Wipro’s turnaround (which aims at bridging relative performance gap versus peers)
remains a work in progress – mixed 2Q report does little to aid a decisive verdict.
Nonetheless, FY2013E EPS sees a currency-led upgrade while valuation support
prevents a downgrade. Maintain ADD. Revise TP to Rs410 (from Rs370 earlier).
2QFY12 earnings a mixed bag – volume beat negated by margin miss and poor cash flows
Wipro beat the upper-end of its revenue guidance for the first time in many quarters. Reported IT
services revenues of US$1,473 mn (+4.6% qoq, +15.7% yoy) came in 1% ahead of our
expectations and 1.5% above the upper-end of company’s constant currency revenue guidance.
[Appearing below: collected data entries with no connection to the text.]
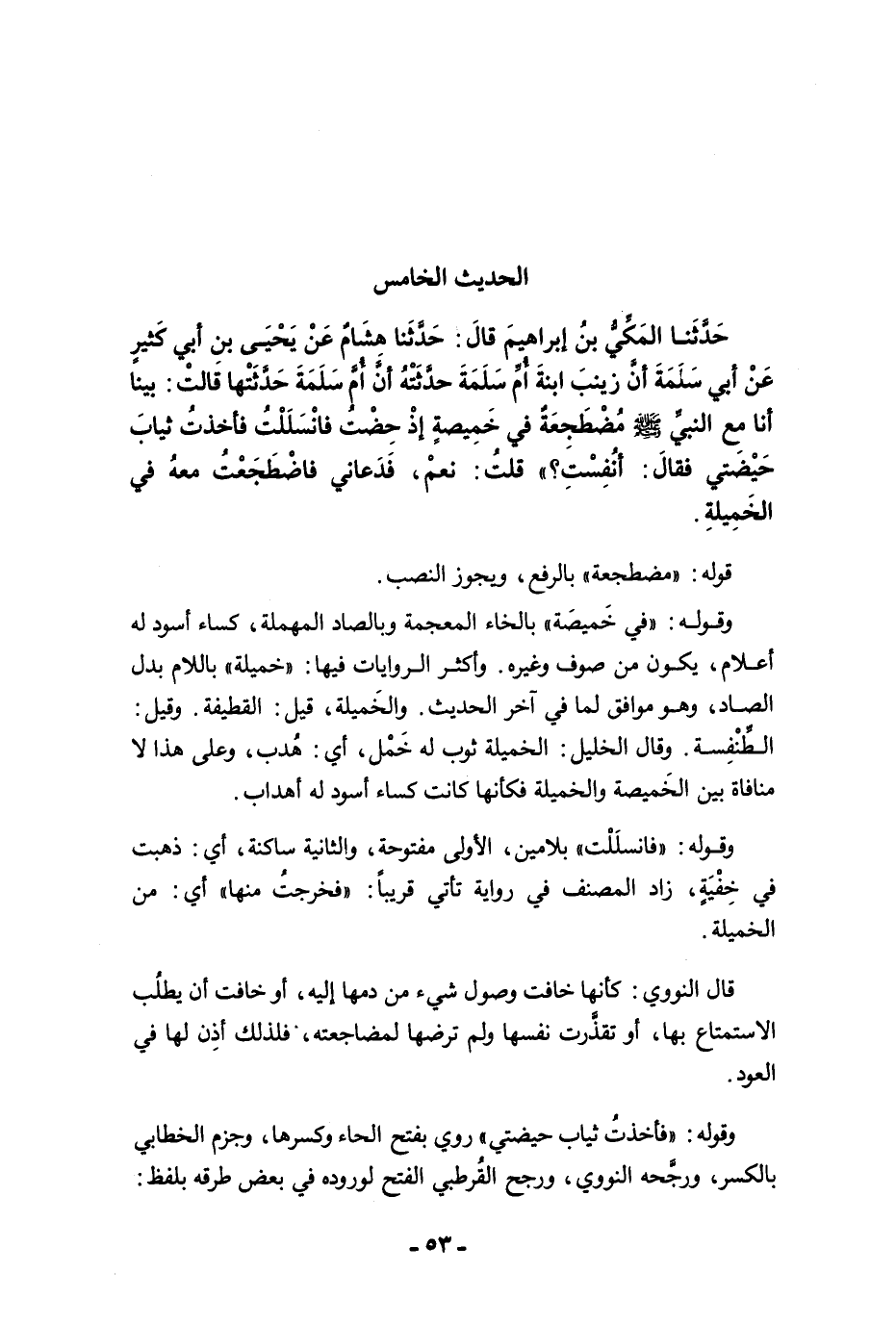 حَدَّثَنَا الْمَكِّيُّ بْنُ إِبْرَاهِيمَ قَالَ: حَدَّثَنَا هِشَامٌ عَنْ يَحْيَى بْنِ أَبِي كَثِيرٍ عَنْ أَبِي سَلَمَةَ أَنَّ زَيْنَبَ ابْنَةَ أُمِّ سَلَمَةَ حَدَّثَتْهُ أَنَّ أُمَّ سَلَمَةَ حَدَّثَتْهَا قَالَتْ: بَيْنَا أَنَا مَعَ النَّبِيِّ -صلى الله عليه وسلم- مُضْطَجِعَةً فِي خَمِيصَةٍ إِذْ حِضْتُ، فَانْسَلَلْتُ فَأَخَذْتُ ثِيَابَ حِيضَتِي فَقَالَ: "أَنُفِسْتِ". قُلْتُ: نَعَمْ. فَدَعَانِي فَاضْطَجَعْتُ مَعَهُ فِي الْخَمِيلَةِ.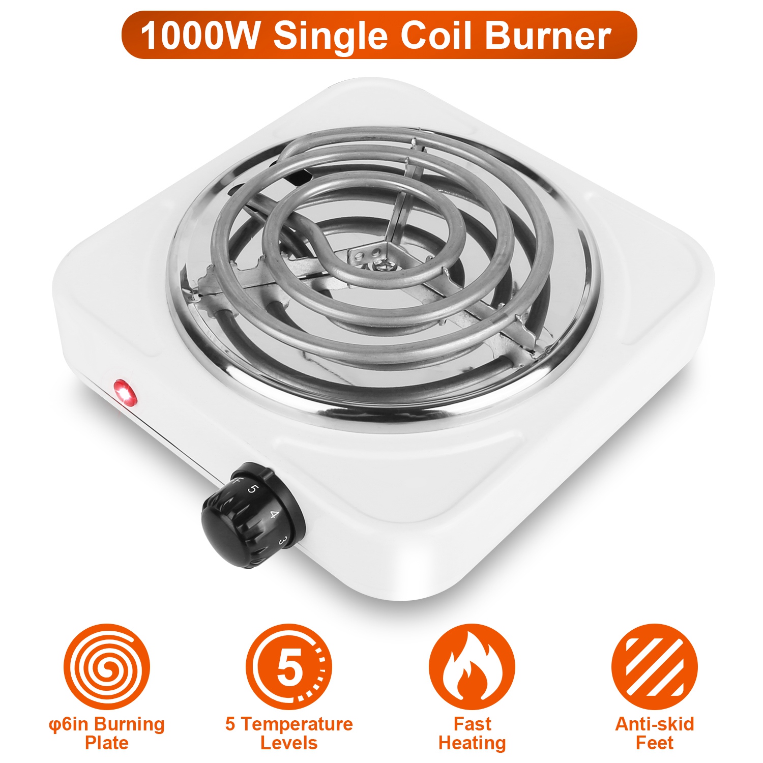Home > 1000W Electric Single Burner Portable Coil Heating Hot Plate Stove Countertop RV Hotplate with Non Slip Rubber Feet 5 Temperature Adjustments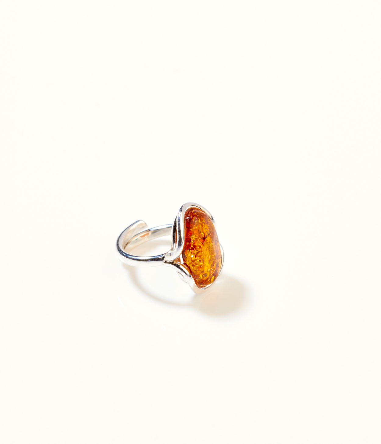 This elegant ring features a petite piece of amber, its warm glow reminiscent of the tranquil sea. Set in a delicate silver design that echoes the gentle ripples of the ocean, it offers a subtle yet captivating touch of coastal beauty.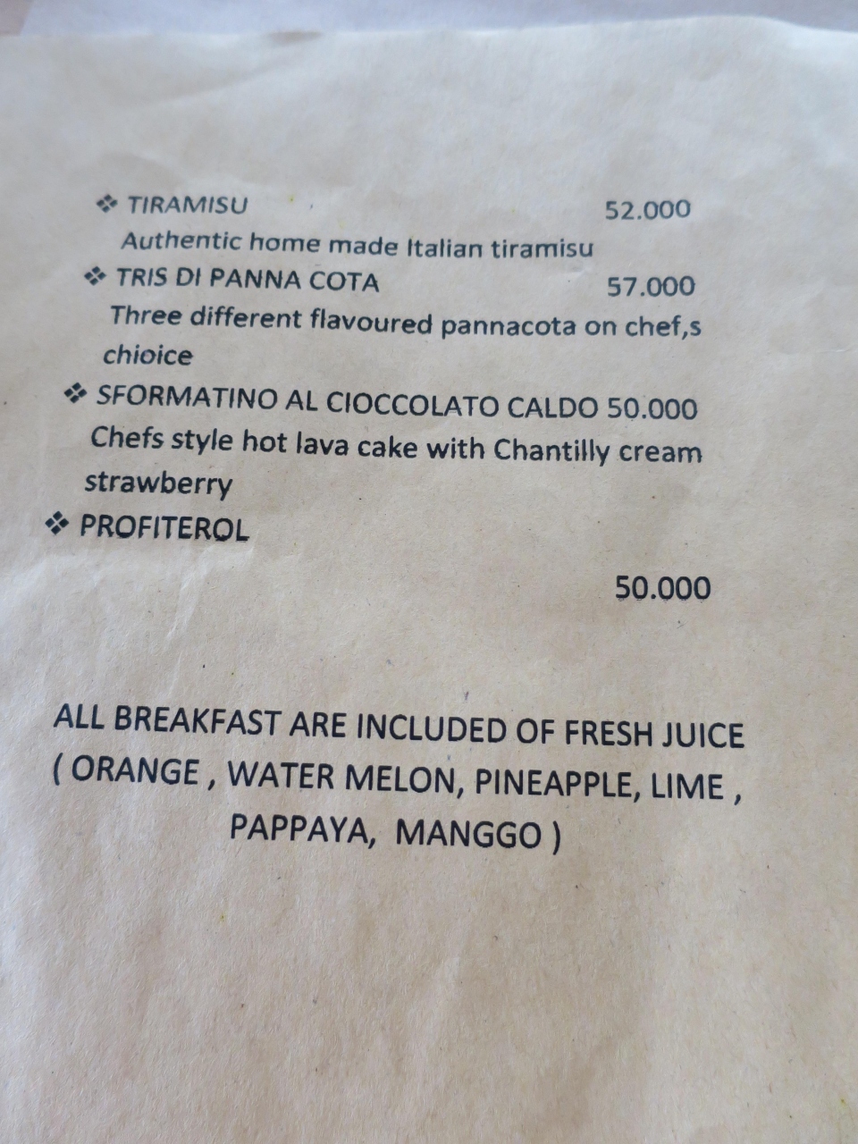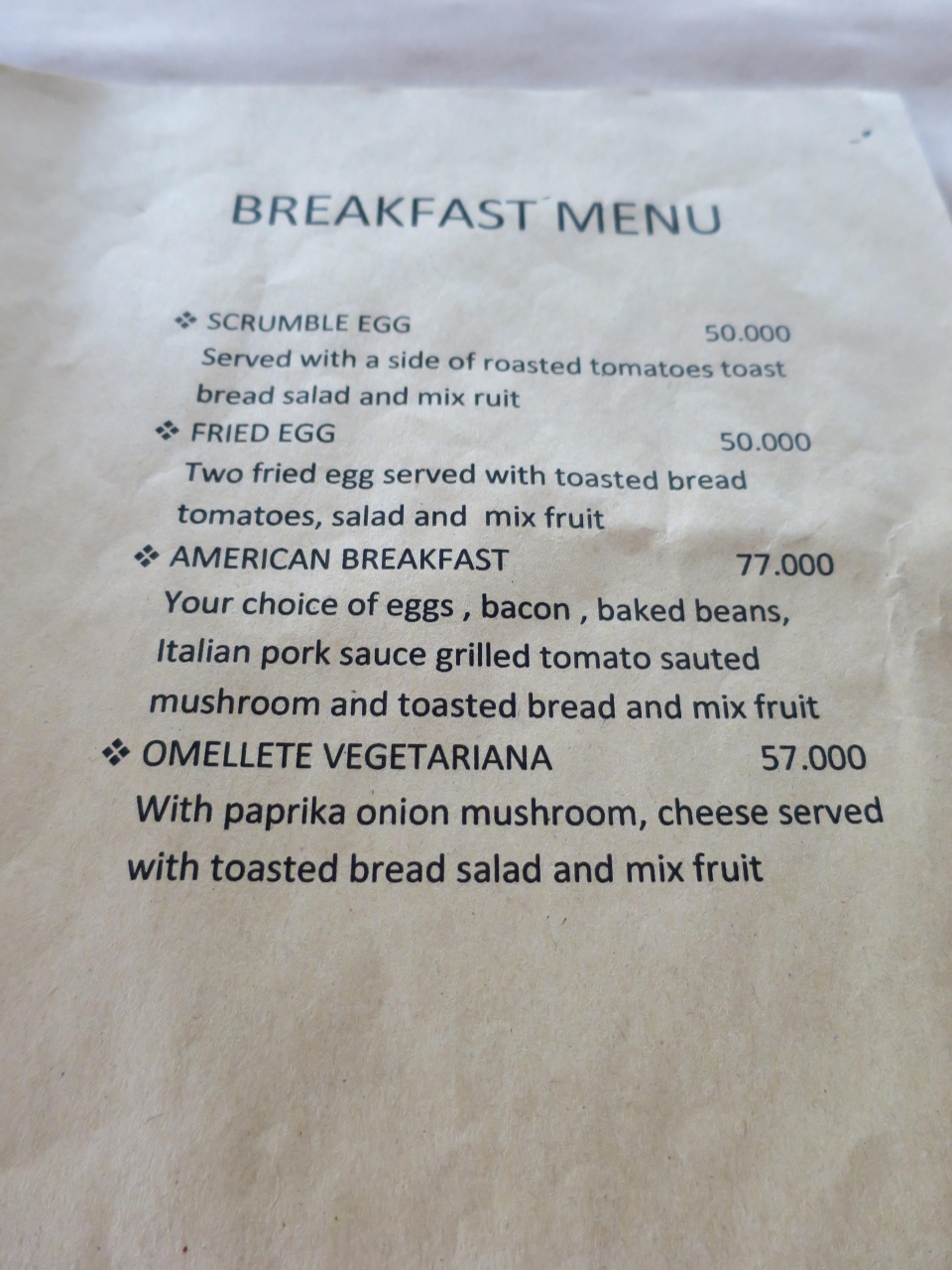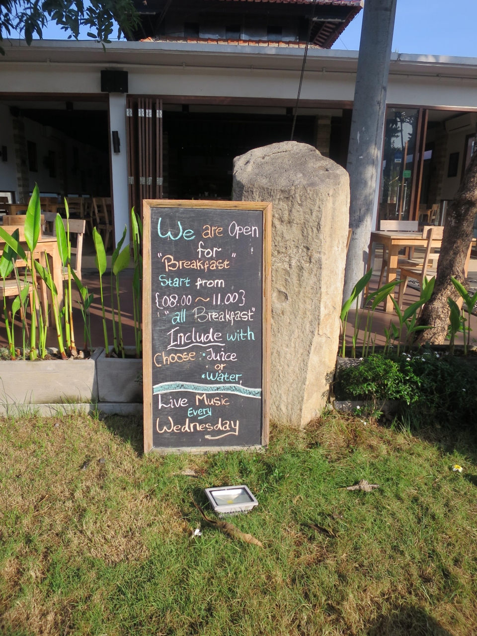 サヌールにあるイタリアン、TRATTRIAはbreakfastを8時からやっています。インドネシアンはありませんが、パンケーキ、サンドイッチ、卵料理などメニューは多く、驚くほど美味しい!パンケーキで35,000ルピアです。ジュースも込みです。

Revenue growth was driven by a strong 6% volume growth even as reported offshore pricing was
down 4.1% qoq on account of effort overflow in certain fixed price contracts (this may have aided
volume growth to some extent as well). Revenue growth was aided to an extent of 2.5% from full
quarter consolidation of SAIC; organic revenue growth was 2.1% qoq (2.9% in constant currency).
IT services EBIT margins declined 200 bps qoq versus our expectation of 130 bps; margin decline
was driven by (1) full quarter impact of wage hikes effected from June 1, 2011, and (2) acquisition
consolidation impact. We were also disappointed by poor cash-flow generation during the quarter
– Wipro has seen sustained balance sheet deterioration for the past few quarters. At a
consolidated level, DSO (including unbilled) has expanded to 107 days from a low of 81 days as
late as Sep 2009; working capital cycle has increased to 77 days from 29 in the same timeframe.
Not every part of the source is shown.